#### Supplied records

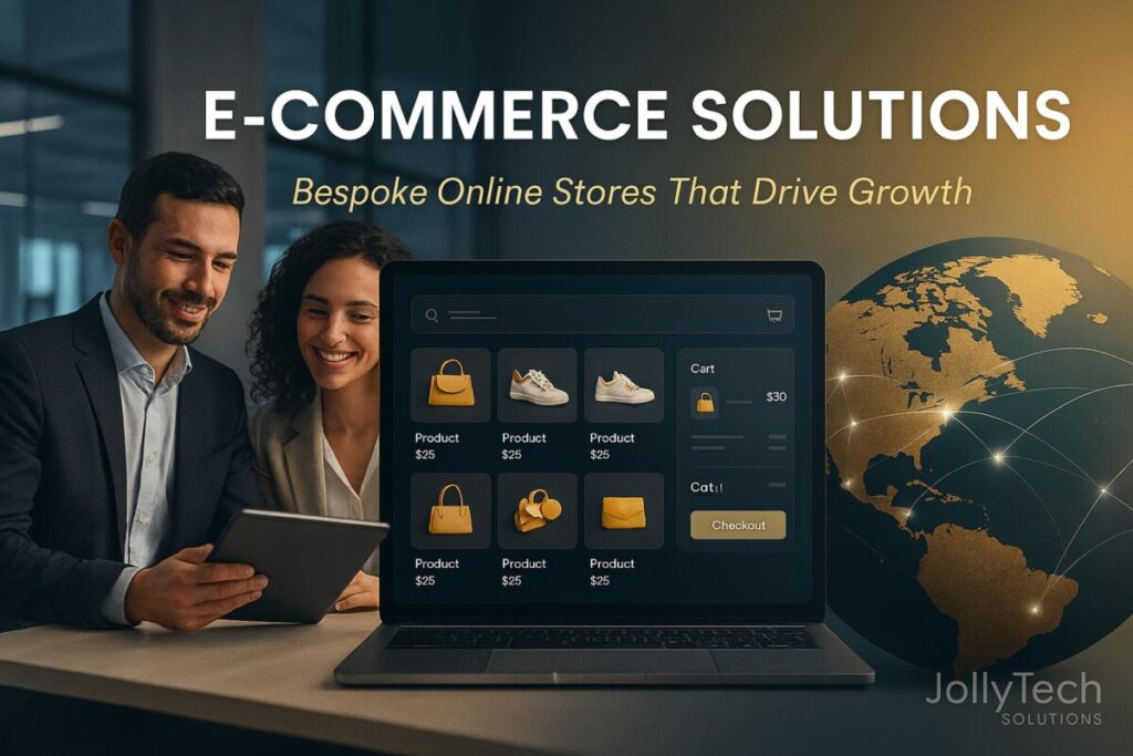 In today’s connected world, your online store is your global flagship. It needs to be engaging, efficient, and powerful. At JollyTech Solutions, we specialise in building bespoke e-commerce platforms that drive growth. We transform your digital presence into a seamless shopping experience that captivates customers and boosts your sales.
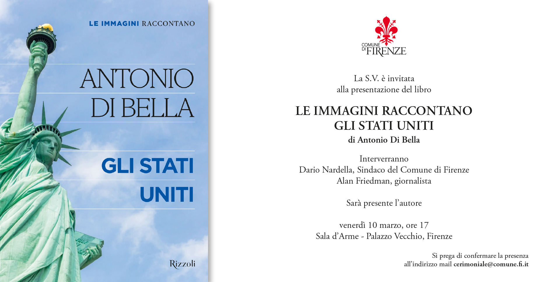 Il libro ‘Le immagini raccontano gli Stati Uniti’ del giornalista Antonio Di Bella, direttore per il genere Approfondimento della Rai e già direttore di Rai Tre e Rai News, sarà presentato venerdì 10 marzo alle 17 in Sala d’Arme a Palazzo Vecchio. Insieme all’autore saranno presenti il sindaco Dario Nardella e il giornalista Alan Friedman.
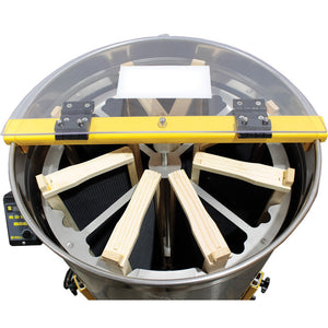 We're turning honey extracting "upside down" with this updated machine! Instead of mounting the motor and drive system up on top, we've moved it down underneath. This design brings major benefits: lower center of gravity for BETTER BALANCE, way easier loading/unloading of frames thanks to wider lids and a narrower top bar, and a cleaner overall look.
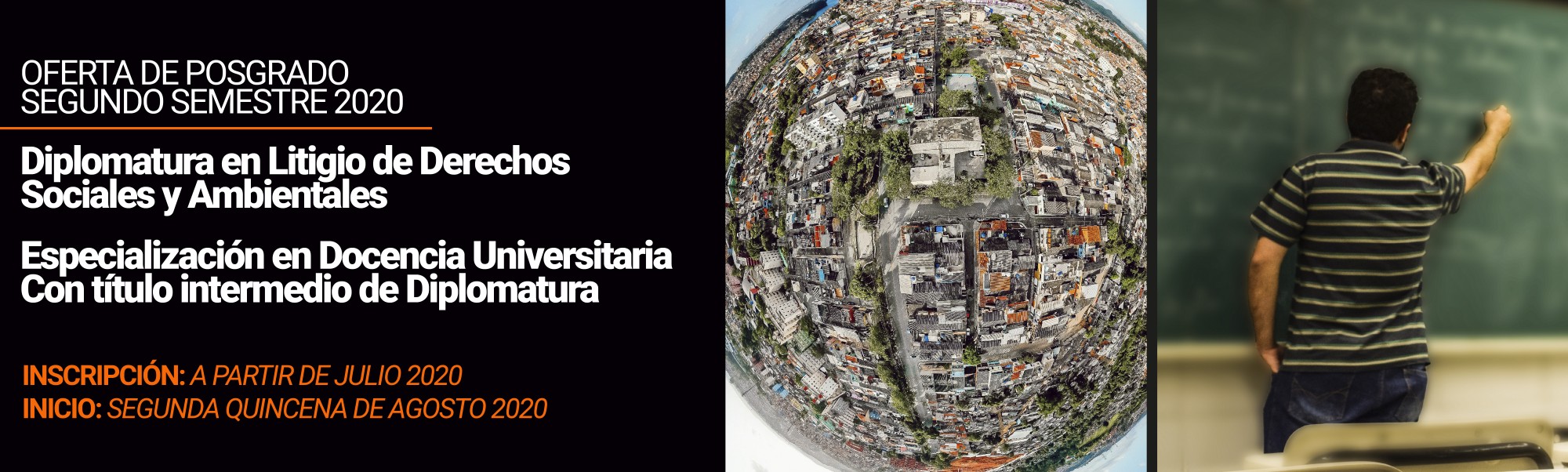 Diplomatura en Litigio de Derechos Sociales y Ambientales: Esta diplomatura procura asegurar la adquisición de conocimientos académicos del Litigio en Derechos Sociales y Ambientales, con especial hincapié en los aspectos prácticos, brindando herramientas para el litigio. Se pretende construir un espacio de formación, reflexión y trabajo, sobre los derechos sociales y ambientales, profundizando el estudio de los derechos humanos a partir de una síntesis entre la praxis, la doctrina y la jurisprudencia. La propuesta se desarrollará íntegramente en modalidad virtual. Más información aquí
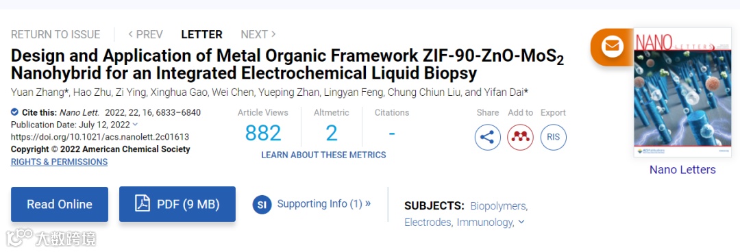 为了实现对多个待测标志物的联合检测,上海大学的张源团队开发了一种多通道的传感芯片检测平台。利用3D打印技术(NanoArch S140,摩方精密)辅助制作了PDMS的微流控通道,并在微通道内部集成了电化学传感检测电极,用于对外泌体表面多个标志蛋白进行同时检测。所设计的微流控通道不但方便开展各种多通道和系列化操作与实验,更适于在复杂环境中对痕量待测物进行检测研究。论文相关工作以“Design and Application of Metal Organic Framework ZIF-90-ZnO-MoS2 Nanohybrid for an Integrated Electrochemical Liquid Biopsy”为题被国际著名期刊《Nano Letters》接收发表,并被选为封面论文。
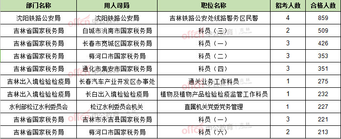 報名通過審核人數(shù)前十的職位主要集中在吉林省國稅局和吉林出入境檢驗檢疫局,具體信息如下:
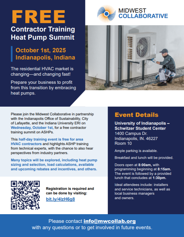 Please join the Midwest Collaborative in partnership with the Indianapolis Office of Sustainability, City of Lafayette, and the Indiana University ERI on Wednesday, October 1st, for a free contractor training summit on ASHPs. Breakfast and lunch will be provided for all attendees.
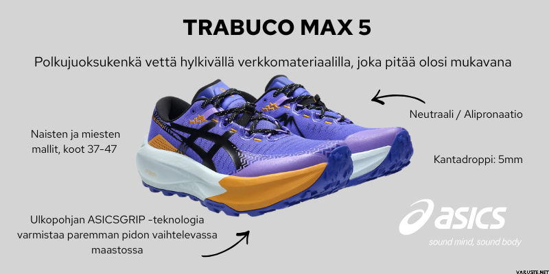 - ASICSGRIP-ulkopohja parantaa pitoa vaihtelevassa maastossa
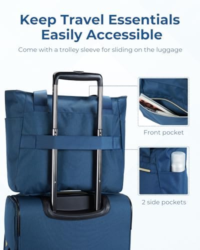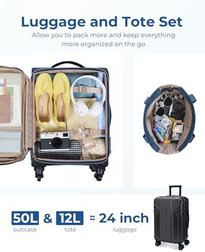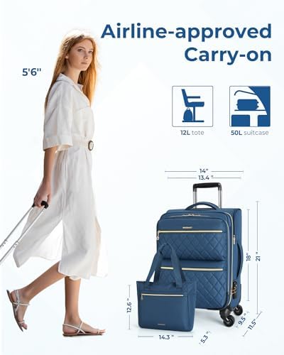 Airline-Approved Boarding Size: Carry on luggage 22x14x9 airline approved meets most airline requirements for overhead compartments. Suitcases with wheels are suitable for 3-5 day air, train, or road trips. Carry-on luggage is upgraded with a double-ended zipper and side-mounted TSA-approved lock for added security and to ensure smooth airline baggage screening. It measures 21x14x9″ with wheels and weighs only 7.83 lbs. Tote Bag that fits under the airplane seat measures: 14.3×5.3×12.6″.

########

* _Work to be completed_:
Transcribe exactly, and only, the lines from the one containing "報名通過審核人數(shù)前" through the last line of the records above, both included; leave out the pictures.

* _Answer space_:
 報名通過審核人數(shù)前十的職位主要集中在吉林省國稅局和吉林出入境檢驗檢疫局,具體信息如下:
 Please join the Midwest Collaborative in partnership with the Indianapolis Office of Sustainability, City of Lafayette, and the Indiana University ERI on Wednesday, October 1st, for a free contractor training summit on ASHPs. Breakfast and lunch will be provided for all attendees.
 - ASICSGRIP-ulkopohja parantaa pitoa vaihtelevassa maastossa
 Airline-Approved Boarding Size: Carry on luggage 22x14x9 airline approved meets most airline requirements for overhead compartments. Suitcases with wheels are suitable for 3-5 day air, train, or road trips. Carry-on luggage is upgraded with a double-ended zipper and side-mounted TSA-approved lock for added security and to ensure smooth airline baggage screening. It measures 21x14x9″ with wheels and weighs only 7.83 lbs. Tote Bag that fits under the airplane seat measures: 14.3×5.3×12.6″.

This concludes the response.